They say it’s not smart to place all your eggs in one basket, this is particularly true when it comes to your investments too.  Just like it is not necessarily wise to pump all your cash into just one investment, it could also be foolish to keep all of your investments in the same country. What happens if the country housing your investments hit a wobble, much like Greece recently did, and you are left with your life’s saving being worthless?

Luckily, you have options and you can hedge your bets. Regardless of where in the world your home country is, or where you hold residentship, you can still split up your investment portfolio and invest in more than one country simultaneously.

This is where offshore investments come in

When we say offshore investing, we are talking about the act of taking strategic advantage of benefits offered by another country or countries, by investing in their organisations, assets or currency.  Before you are able to invest in another country’s assets, you need to convert your Rands into that country’s currency. To do this, the South African legislation dictates that you need a tax clearance certificate from the Reserve Bank (unless you are investing less than R1 million per year, in which case you are exempt from this requirement).

Is offshore investing for you?

These types of questions are always tricky to answer as investments always carry some degree of risk.
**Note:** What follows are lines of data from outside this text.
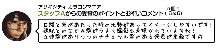 中央に向かって菱形のような模様があり、あれが自然な瞳を演出してくれています。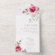 Invitation Tout En Un Boho Rouge Rose Fleurs Mariage d'aquarelle
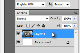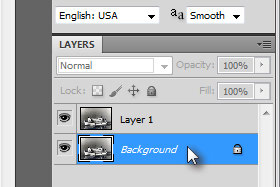 Pritisnite tipki Alt + Del, da zapolnete layer z belo barvo. Potem pa označite prej dupliciran layer (glej sliko). |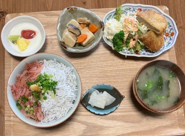 駿河湾の釜揚げしらすと桜えびが、ほかほかごはんにのっかっています。黒はんぺんのフライもついていて、静岡名物がてんこ盛り。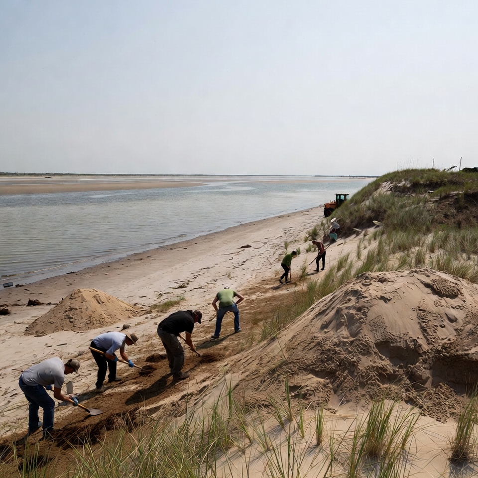 Several workers in casual clothing are shoveling sand and digging on a sandy beach near dunes and tall grass. A yellow tractor is parked nearby on the shore, with a calm river or estuary visible in the background under a clear sky. They work along piles of sand at the edge of the water.

That said, understanding the following advantages and disadvantages might help you decide.

Offshore investments are great because:

  • Tax reduction: many countries offer tax incentives to foreign investors
  • Asset protection: when you have assets overseas, they are often protected which means that organisations within your home country cannot cease them
  • Confidentiality: tying in with the advantage of asset protection, some countries offer foreign investors complete confidentiality regarding their investment portfolios and income gained therefrom
  • Diversification: like we mentioned right at the start, it is always wise to hedge your bets, making sure that even if the local investments you have don’t perform well, you still have a chance at your offshore investments making money.

Before you transfer money into an offshore investment, take these cons into account:

  • Cost: there are costs involved in setting up offshore accounts
  • Changing tax laws: tax laws are constantly being changed internationally and if tax reduction is part of the driving force behind why you are making offshore investments, then it’s best to do research regarding these.

In recent years, some South African investors who took the risk and invested offshore have seen amazing returns of up to 35% and with the Rand forecasted to depreciate more, it is certainly worthwhile to consider all your options.